As we reflect on the role of women in the culture, it’s important to keep in mind that sexual harassment at work is still very much a serious factor in the equation.   A 2011 ABC/Washington Post poll reported that one in four women reported that they experienced sexual harassment at work.

Writing about the poll for Forbes, J. Maureen Henderson commented, “What’s news isn’t so much that sexual harassment still happens, but that in 20 years, we haven’t come any closer to fixing it and have actually been downgrading it as a serious workplace challenge. Only 64% of Americans see harassment as a serious on-the-job problem, down from a high of 88% in 1992. And while the percentage of women who have reported harassment to their bosses or the HR dept has increased from 33% in 1994 to 41% today, the number of men who admit they have ever done anything (even inadvertently) that could be taken as harassment toward a colleague has dropped from 25% to 10% over the same period.”

Henderson points out that a major problem is that we don’t see sexual harassment as a manifestation of gender inequality and an impediment to the ability of women to command respect in the workplace.  Henderson writes, “And you know who’s only too willing to point that finger and paint in pejoratives? Other women. Don’t be a buzz kill, don’t play the heavy, don’t do anything to ruin our in with the cool kids (aka the boys) seems to be the message inherent in the advice from some quarters.”

Shattering Myths – Changing Workplace Cultures

 In her Harvard Business Review article, Hiring More Women Means Changing You Company’s Culture, author Avivah Wittenberg-Cox offers an important perspective, “The leaders of countries, like companies, hugely affect the culture that is created internally. But nowhere is that more defining that on gender issues. Why? Because shifting the balance between men and women in organizations requires everyone to change, and move out of their familiar, and often familial, histories and patterns.”

For women, the climb to the top tiers of leadership is steep.  Despite the media excitement over three high-profile CEO appointments in 2012, as of 2011 there were only 98 female CEOs among 3,049 publicly trade companies. That represents a 3.2% increase over 2010 and 2.9% in 2009.

Wittenberg-Cox doesn’t express confidence in Romney or male CEOs like him, “I work with some CEOs like him. They simply don’t, as many women say, “get it.” They can’t. They have no idea what a modern working woman is about. They don’t know how to recognize or appreciate leadership styles that don’t conform to the dominant male norms, which they seek to perpetuate, convinced that this is the key to success.”

Wittenberg-Cox and hundreds of other voices have raised powerful questions during this campaign. Not since the Women’s Movement of the 1960’s, have gender equality issues been raised so eloquently and vociferously.  Clearly, we are at another crossroads in the culture, with important choices to be made that will determine the course of the next generation in the workplace.

The snail’s pace of progress for women will continue to translate into lopsided, status quo dynamics in the workplace.  Cultural stereotypes that do no serve the collective good and that merely speak to the power distortions of a “modern” culture will not miraculously disappear.
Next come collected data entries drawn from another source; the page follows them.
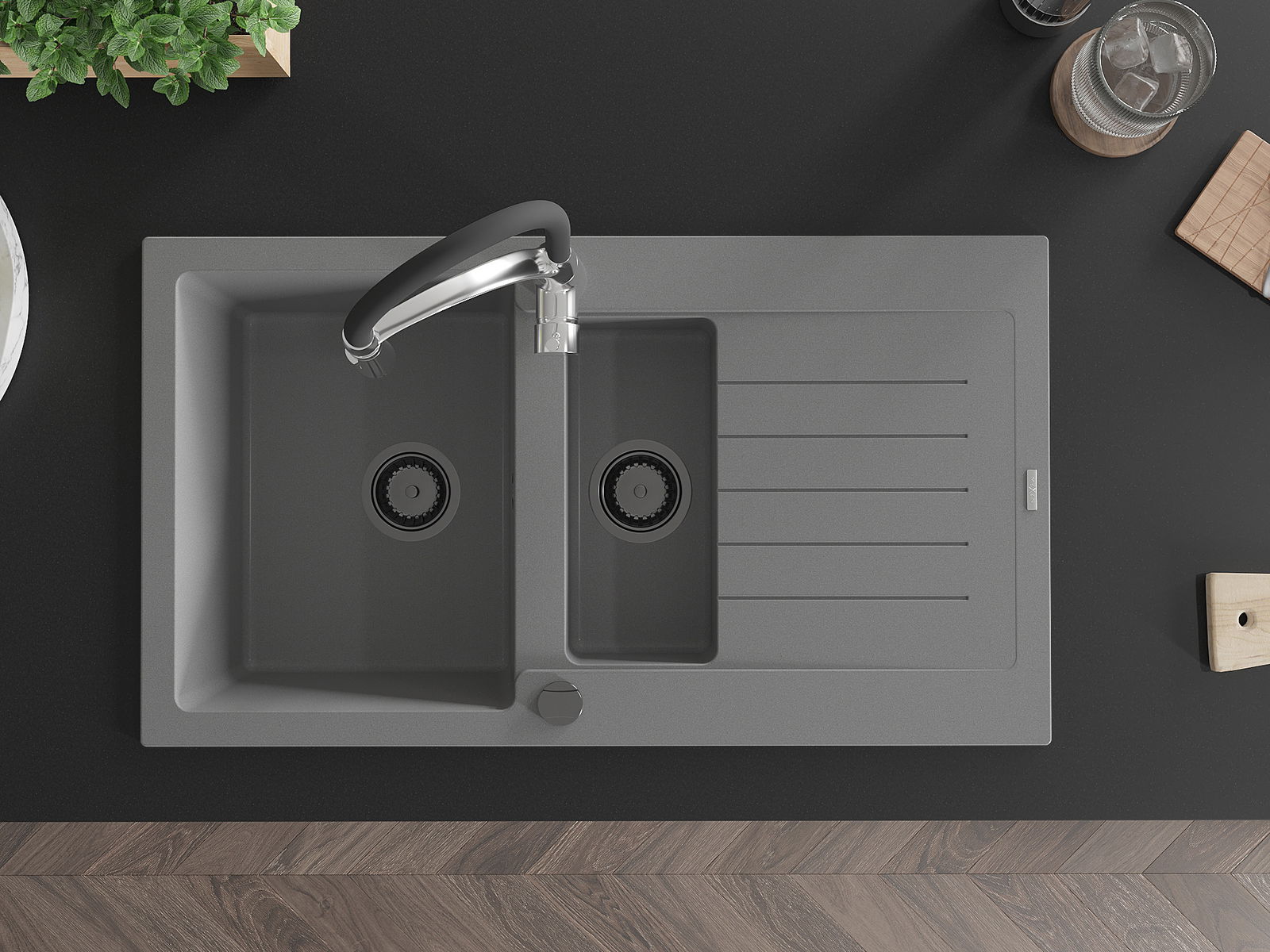 El fregadero está hecho de granito de alta calidad. Es un complemento elegante y, sobre todo, práctico para cualquier cocina, independientemente de su estilo. La alta calidad y durabilidad del granito aseguran un uso prolongado durante años.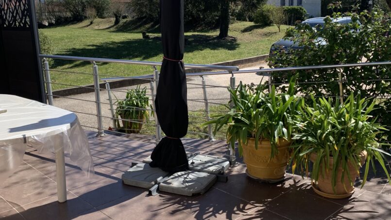 Grande terrasse de 40m² avec salon de jardin et chaises longues.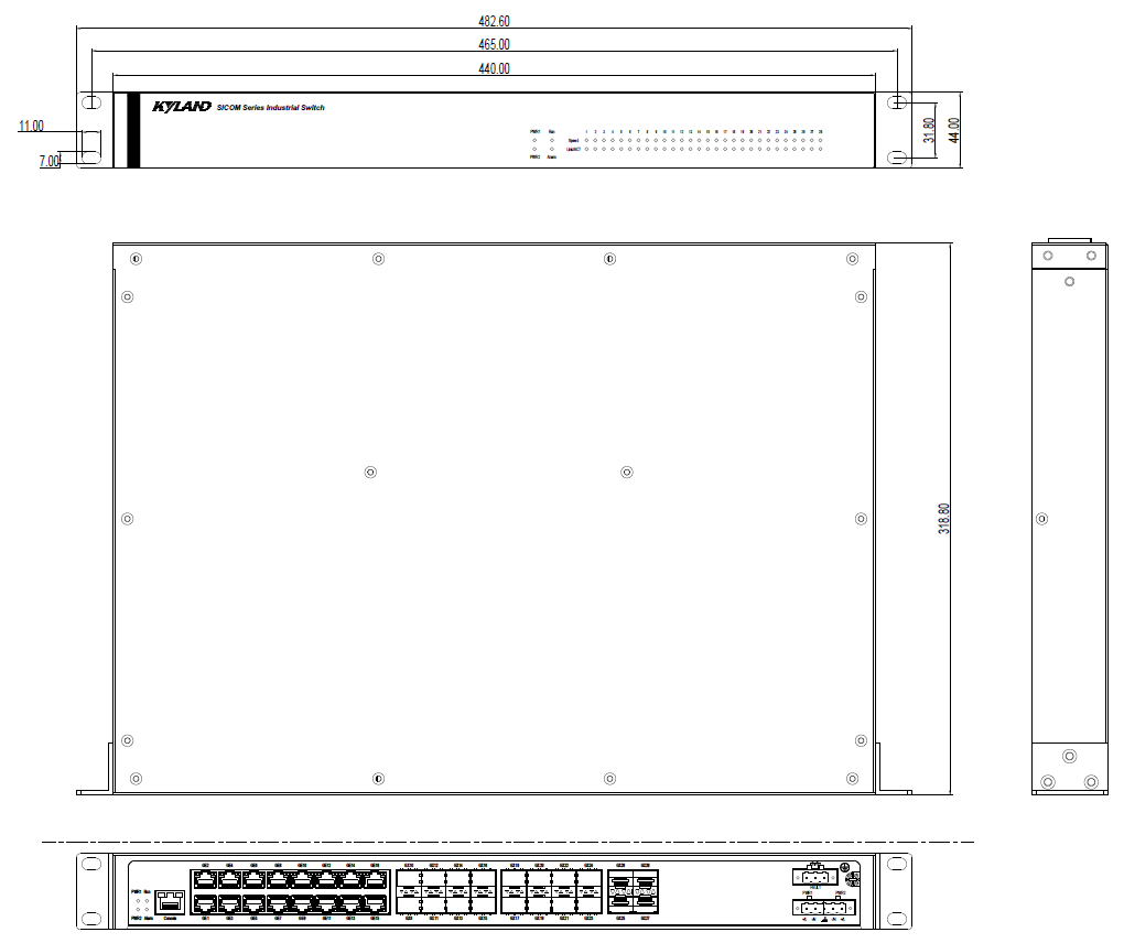 | 机械结构 | 外壳 金属材质 散热方式 自然冷却,无风扇 防护等级 IP40 尺寸 440mm×44mm×318.8mm(W×H×D) 重量 <3Kg 安装方式 19英寸1U机架式 |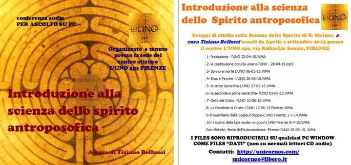 LE CONFERENZE SONO SCARICABILI in formato WMA per ascolto su PC tramite un libero contributo via Paypal o bonifico. Facendo richiesta specifica (indicando titolo e data) al Team di Divulgazione in fondo a questa pagina. Una singola conferenza : libero contributo L'intero ciclo di studi: libero contributo   Panoramica sulla scienza dello spirito … Leggi tutto Introduzione alla scienza dello spirito antroposofica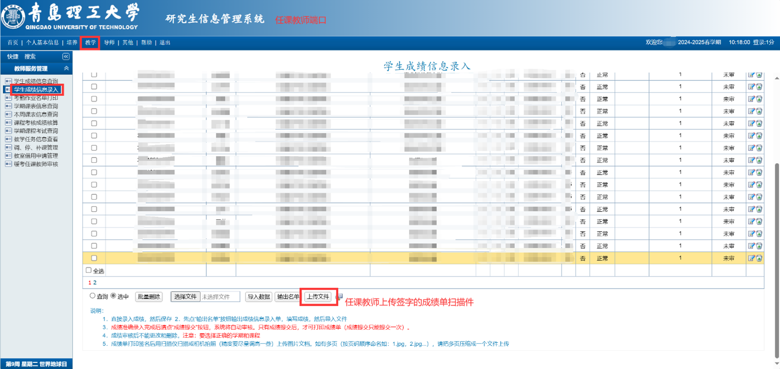 2.正常录入成绩之后,上传本人签字确认的成绩单扫描件,确保扫描件清晰完整,文件格式符合系统要求。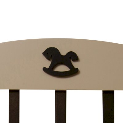 Кроватка декорирована фигуркой лошадки.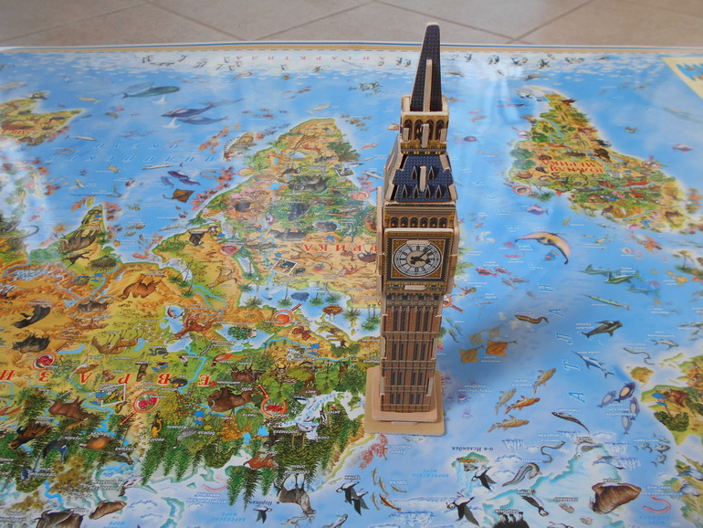 Переворачиваем страницу - Великобритания, Лондон, Букингемский дворец, королева, гвардейцы, традиционное чаепитие. Это все нам уже было знакомо по книге Мирослава Шашека Это Лондон. Не беда, повторение - мать учения. Находим на карте Великобританию и водружаем туда макет Биг-Бена (деревянный 3D пазл, производитель Educa)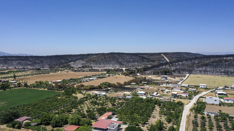 Türkiye'nin çeşitli illerinden gelen ekiplerin bölgedeki soğutma çalışmaları sürüyor. Büyük bölümü kızılçam ormanı olan yanan alanlar, dronla görüntülendi.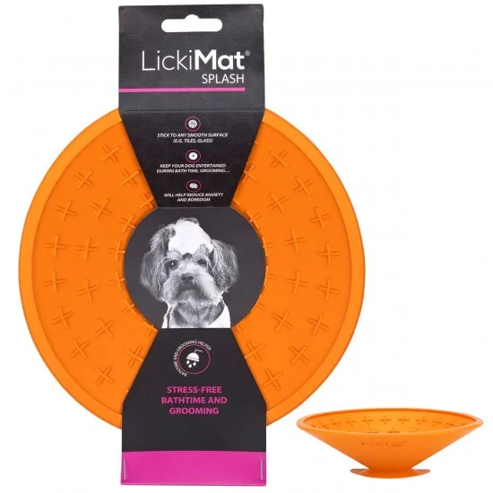 LickiMat Splash is the perfect distractor for grooming and bathing thanks to the suction cup. Also perfect for vertical surfaces.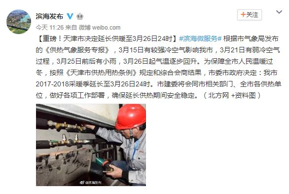 据报道,3月15日有较强冷空气影响天津市,3月21日有弱冷空气过程,3月25日前后有小雨,3月26日起气温逐步回升。市委市政府决定:天津市2017-2018采暖季延长至3月26日24时。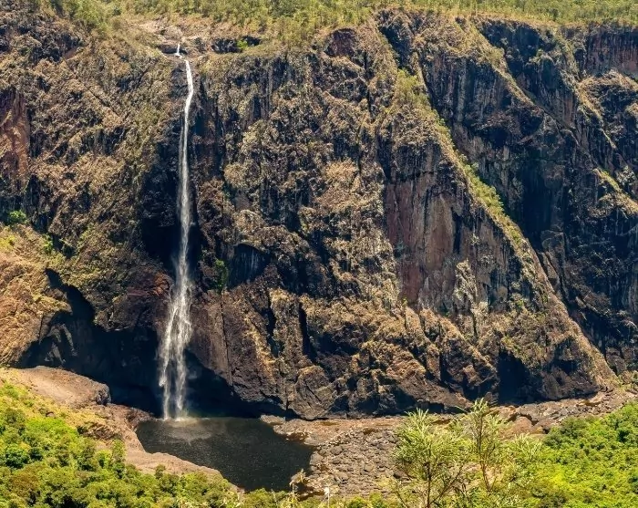 Vandfaldet har et fald på 268 meter og er derfor Australiens højeste enkeltfaldende vandfald. Det er ganske imponerende. I regnskoven lever den farverige kasuar. Det er en smuk flyveløs fugl, men hold dig godt på afstand, for den er også én af verdens farligste fugle pga. sine skarpe klør.

History clearly shows that power and control are not easily relinquished.  Yet, there is growing consensus that future corporate and societal success depends upon free and open communication, consensual problem solving and influence based on competence and knowledge, not cronyism and the dying vestiges of power hoarding. In 1964, Warren Bennis and Philip Slater argued that corporate leadership characteristics would have to be altered to survive in a period of increasing social change.

The title of their prescient article, says it all, “Democracy is inevitable.”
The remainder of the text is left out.